Functional Med Practices Show Resilience Through the COVID Storm

Data from a survey of over 3,500 functional, integrative, and metabolic medicine practitioners suggests that most are navigating the stormy post-COVID waters with considerable resilience.

Compared with other physician surveys posted over the course of the last 9 months, the functional and holistic clinicians in this cohort report fewer practice closures and less income loss.

OvationLab’s COVID impact survey of more than 3500 functional/holistic medical practices indicates that overall, COVID-related practice closure rates are under 5%. Many practices have experienced significant revenue loss. Not surprisingly, membership/concierge practice models were best able to maintain pre-COVID income. (Data copyright OvationLabs)

Membership (aka “concierge”) and bundled practice models appear to be protective against the economic forces that have hobbled many conventional insurance-based practices in the wake of COVID. This is especially true for small, independent practices.

This new 33-question survey was fielded from late August through early September by OvationLab, a strategic consulting agency for the health, wellness, and nutrition space. OvationLab’s principals—Laurie Hofmann, Andie Crosby, and Tom Blue—have all served in leadership roles at the Institute for Functional Medicine for many years.

“This is a triumph for value-based medicine over conventional fee-for-service insurance models. There’s never been a better rationale for conventional practitioners—especially those in independent practices– to expand their capabilities, and to learn to apply root-cause medicine.”

—Tom Blue, OvationLab

They obtained 3,505 responses, representing clinics from all across the nation. MDs and DOs make up 28% of the total, with naturopaths, nurses, and integrative chiropractors representing 12% each. Eighteen percent are “straight” chiropractors, the remainder represents a mix of nutrition professionals, acupuncturists, and others.

Roughly two thirds are female, and the average age was 54.

The respondents work in a wide range of practice models including conventional insurance-based practices (29%), direct fee-for-service (46%), membership (aka “concierge”) practices (5%), Bundled or fixed-price programs (4%), and hybrid models (9%) that combine conventional insurance with low-level engagement in direct pay, bundled programs, group visits, or other revenue models.

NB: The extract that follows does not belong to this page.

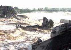 圖文:因洪水而中斷的隴海鐵路今晨恢復通車 2002年06月10日 14:06 ![]() 因洪水中斷的西安市隴海鐵路灞河大橋恢復通車 中新社西安六月十日電(張珂冽瑋)因山洪暴發(fā)而被沖垮的陜西省西安市隴海鐵路灞河大橋,已于今日凌晨零點五十五分恢復通車。有關人士稱,昨日滯留西安的近萬名旅客現(xiàn)已基本疏散。截至今天中午,已通過的雙向對開客車達到十五列。 據了解,灞河大橋位于隴海鐵路西安站以東,始建于一九三四年,因橋齡較長,橋基飽經風蝕雨刷。九日凌晨至下午的一場大暴雨之后,灞河洪水流量達到每秒六百立方米。四個橋墩被沖掉,五孔橋被沖垮,造成一百零五米長的一段鐵路橋完全垮塌斷裂,繁忙的隴海鐵路上下行一度中斷達八個多小時,幸無人員傷亡。 記者今天在現(xiàn)場采訪時看到,昔日干涸的灞河洶涌澎湃,渾黃的激流拍打著河岸,在河床上形成了落差不等的瀑布,氣勢壯觀。河岸上站滿了搶險人員,大型挖掘機、推土機等搶險設備源源不斷地開赴現(xiàn)場。大批警察疏導交通,維持秩序,協(xié)助搶險。 一位老大爺心有余悸地告訴記者,昨天下午三點半,一列開往安康的火車剛剛從距隴海線灞橋鐵路橋東側的西康鐵路橋開過,一聲巨響,灞橋鐵路橋第四號橋墩轟然倒塌了。 據西鐵分局副局長杜振才介紹,為了盡快恢復隴海線的通車,當地鐵路部門臨時修建一條便線與隴海線毗鄰的西康鐵路新橋相連。今日零點五十五分,第一列旅客列車K一七三(青島至蘭州)順利通過灞河大橋。 杜振才副局長表示,目前仍在繼續(xù)加固西康線新橋,每小時通過火車數為三列,有部分列車臨時改行其它線路,昨晚繞行列車數為十一列。 據透露,中國鐵道部對此十分重視,一再敦促盡快落實灞河大橋修復方案。現(xiàn)投入的搶險人力達一千五百人左右,估計修復工作需耗時兩至三個月左右。(完) 中新網北京6月10日消息:6月9日下午,流經西安市東郊的灞河水流猛漲,將隴海線西安灞橋段鐵路大橋沖垮,致使交通大動脈隴海鐵路線中斷。據中央電視臺報道,今天早上6時20分開始,隴海線受阻列車從坍塌鐵路大橋旁的西康鐵路橋通過,隴海鐵路已經臨時恢復通車。 據報道,工程部門計劃近期在坍塌鐵路橋處搭一座軍便橋,并計劃重新設計修建坍塌的鐵路橋。 6月9日下午,灞河水波濤洶涌,出現(xiàn)近20年來最大洪水。15時30分左右,隴海線西安至臨潼間的368米長的灞橋鐵路橋第4號橋墩轟然倒塌,鐵路線攔腰垮塌陷入激流。至17時,隴海鐵路橋第5號、2號和1號橋墩相繼發(fā)生塌陷,造成約150米鐵路橋完全垮塌斷裂。 灞橋鐵路大橋被沖斷后,致使300多次列車滯留,隴海鐵路陷入癱瘓,滯留西安的旅客接近1萬人。 相關報道:隴海鐵路灞河大橋因洪水而中斷 客貨運輸受阻

An additional 7% have practices in which supplement sales are a major revenue source.

Few Closures

COVID-related practice closures were far lower among functional/holistic medical practitioners compared with physicians as a whole. The closure prevalence in this cohort ranged from 2-13%, depending on practitioner type. It was lowest among the MDs, DOs, and NDs (2%), and highest among the acupuncturists (13%), the “straight” chiropractors (5%), and nutrition professionals (5%). 

There were no closures among doctors who run membership or bundled service practices. Among insurance-based practices, the closure prevalence was 3%; it was 5% in the cash fee-for-service segment. 

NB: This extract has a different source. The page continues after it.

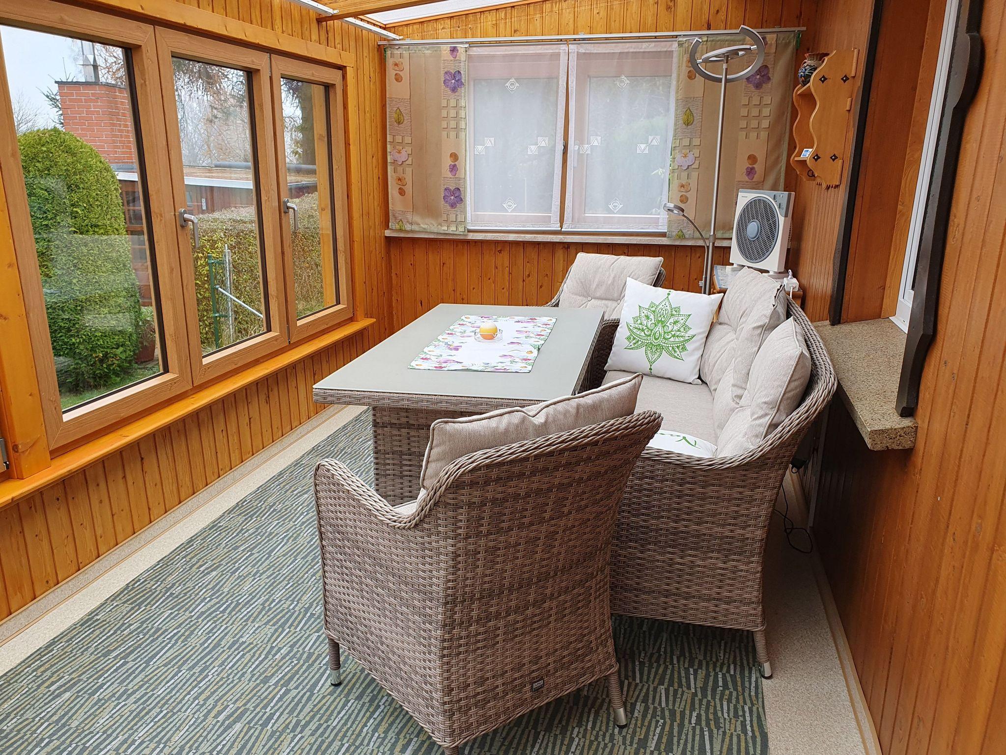 Der helle Wintergarten mit Radio und der rustikalen Sitzgruppe bietet den schönsten Ausblick auf den See und das gegenüberliegende Schloss.

This compares favorably against data from a Physicians Foundation (PF) survey published in August showing that 14.5% of 3,513 respondents had closed their practices, and an additional 4% expected to close over the course of the year. Most of the closures (76%) were among independent private practices.

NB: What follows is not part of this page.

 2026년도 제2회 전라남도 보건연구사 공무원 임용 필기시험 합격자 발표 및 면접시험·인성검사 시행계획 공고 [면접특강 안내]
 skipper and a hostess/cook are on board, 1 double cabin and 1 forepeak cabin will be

There were no closures among doctors who run membership or bundled service practices. Among insurance-based practices, the closure prevalence was 3%; it was 5% in the cash fee-for-service segment.

A regional survey in April by New York University’s School of Global Public health showed 15% of metro-NYC area practices were temporarily or permanently closed due to lack of PPE, insufficient staff, or drastic declines in patient volume and revenue.

Impact on Income

Though closure rates were low, OvationLab’s data show that many functional medicine practices have borne revenue shortfalls. Upward of 75% of respondents were economically impacted in some way. Between 20% and 25% are operating at 25-49% of their pre-COVID revenue levels, and between 1% and 11% are getting by on less than 25% of pre-pandemic income.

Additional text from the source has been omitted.